Kruskal–Wallis test provides evidence of no difference among selection schemes.
##
## Kruskal-Wallis rank sum test
##
## data: Generations by Structure
## Kruskal-Wallis chi-squared = 12.797, df = 2, p-value = 0.001664
pairwise.wilcox.test(x = ssf$Generations, g = ssf$Structure, p.adjust.method = "bonferroni",
paired = FALSE, conf.int = FALSE, alternative = 'g')##
## Pairwise comparisons using Wilcoxon rank sum exact test
##
## data: ssf$Generations and ssf$Structure
##
## EA IS
## IS 0.036 -
## NMIS 0.001 0.073
##
## P value adjustment method: bonferroni
9.3.3 Activation gene coverage
Activation gene coverage analysis.
9.3.3.1 Coverage over time
Activation gene coverage over time.
# data for lines and shading on plots
lines = filter(base_over_time, Diagnostic == 'MULTIPATH_EXPLORATION' & `Selection\nScheme` == 'TOURNAMENT') %>%
group_by(Structure, Generations) %>%
dplyr::summarise(
min = min(pop_act_cov),
mean = mean(pop_act_cov),
max = max(pop_act_cov)
)## `summarise()` has grouped output by 'Structure'. You can override using the
## `.groups` argument.
ggplot(lines, aes(x=Generations, y=mean, group = Structure, fill = Structure, color = Structure, shape = Structure)) +
geom_ribbon(aes(ymin = min, ymax = max), alpha = 0.1) +
geom_line(size = 0.5) +
geom_point(data = filter(lines, Generations %% 2000 == 0), size = 1.5, stroke = 2.0, alpha = 1.0) +
scale_y_continuous(
name="Coverage"
) +
scale_x_continuous(
name="Generations",
limits=c(0, 50000),
breaks=c(0, 10000, 20000, 30000, 40000, 50000),
labels=c("0e+4", "1e+4", "2e+4", "3e+4", "4e+4", "5e+4")
) +
scale_shape_manual(values=SHAPE)+
scale_colour_manual(values = cb_palette) +
scale_fill_manual(values = cb_palette) +
ggtitle('Activation gene coverage over time')+
p_theme
9.3.3.2 End of 50,000 generations
Activation gene coverage in the population at the end of 50,000 generations.
### end of run
filter(base_over_time, Diagnostic == 'MULTIPATH_EXPLORATION' & `Selection\nScheme` == 'TOURNAMENT' & Generations == 50000) %>%
ggplot(., aes(x = Structure, y = pop_act_cov, color = Structure, fill = Structure, shape = Structure)) +
geom_flat_violin(position = position_nudge(x = .2, y = 0), scale = 'width', alpha = 0.3) +
geom_point(position = position_jitter(height = .05, width = .05), size = 1.5, alpha = 0.5) +
geom_boxplot(color = 'black', width = .2, outlier.shape = NA, alpha = 0.0) +
scale_shape_manual(values=SHAPE)+
scale_y_continuous(
name="Coverage"
) +
scale_x_discrete(
name="Structure"
) +
scale_colour_manual(values = cb_palette) +
scale_fill_manual(values = cb_palette) +
ggtitle('Final activation gene coverage')+
p_theme + coord_flip()
9.3.3.2.1 Stats
Summary statistics for activation gene coverage.
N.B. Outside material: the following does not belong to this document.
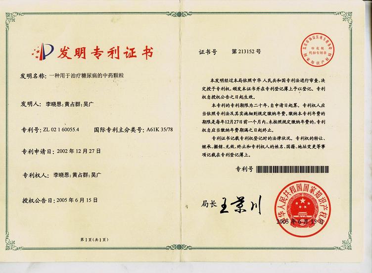 芪黃顆粒是我公司自主開發(fā)研制的產(chǎn)品,具有自主知識產(chǎn)權(quán)。自1999年開始,我公司利用現(xiàn)有的科研優(yōu)勢和關(guān)于糖尿病治療的相關(guān)基礎(chǔ)資料,參閱中醫(yī)大量有價(jià)值的文獻(xiàn)資料,汲取典型配方精華,經(jīng)過藥理、毒理研究和三期臨床試驗(yàn),研制出在糖尿病治療中有顯著療效的芪黃顆粒中藥六類新藥(原中藥三類新藥)。2011年5月,通過國家食品藥品監(jiān)督管理局有關(guān)專家進(jìn)行現(xiàn)場檢查和抽樣,2012年5月,我公司芪黃顆粒取得了藥品注冊批件和新藥證書。

coverage = filter(base_over_time, Diagnostic == 'MULTIPATH_EXPLORATION' & `Selection\nScheme` == 'TOURNAMENT' & Generations == 50000)
coverage %>%
group_by(Structure) %>%
dplyr::summarise(
count = n(),
na_cnt = sum(is.na(pop_act_cov)),
min = min(pop_act_cov, na.rm = TRUE),
median = median(pop_act_cov, na.rm = TRUE),
mean = mean(pop_act_cov, na.rm = TRUE),
max = max(pop_act_cov, na.rm = TRUE),
IQR = IQR(pop_act_cov, na.rm = TRUE)
)## # A tibble: 3 x 8
## Structure count na_cnt min median mean max IQR
## <fct> <int> <int> <int> <dbl> <dbl> <int> <dbl>
## 1 EA 100 0 1 2 1.96 3 0
## 2 IS 100 0 1 2 2.05 3 0
## 3 NMIS 100 0 3 6 6.22 8 1.25
Kruskal–Wallis test provides evidence of difference among activation gene coverage.
##
## Kruskal-Wallis rank sum test
##
## data: pop_act_cov by Structure
## Kruskal-Wallis chi-squared = 264.53, df = 2, p-value < 2.2e-16
Results for post-hoc Wilcoxon rank-sum test with a Bonferroni correction on activation gene coverage.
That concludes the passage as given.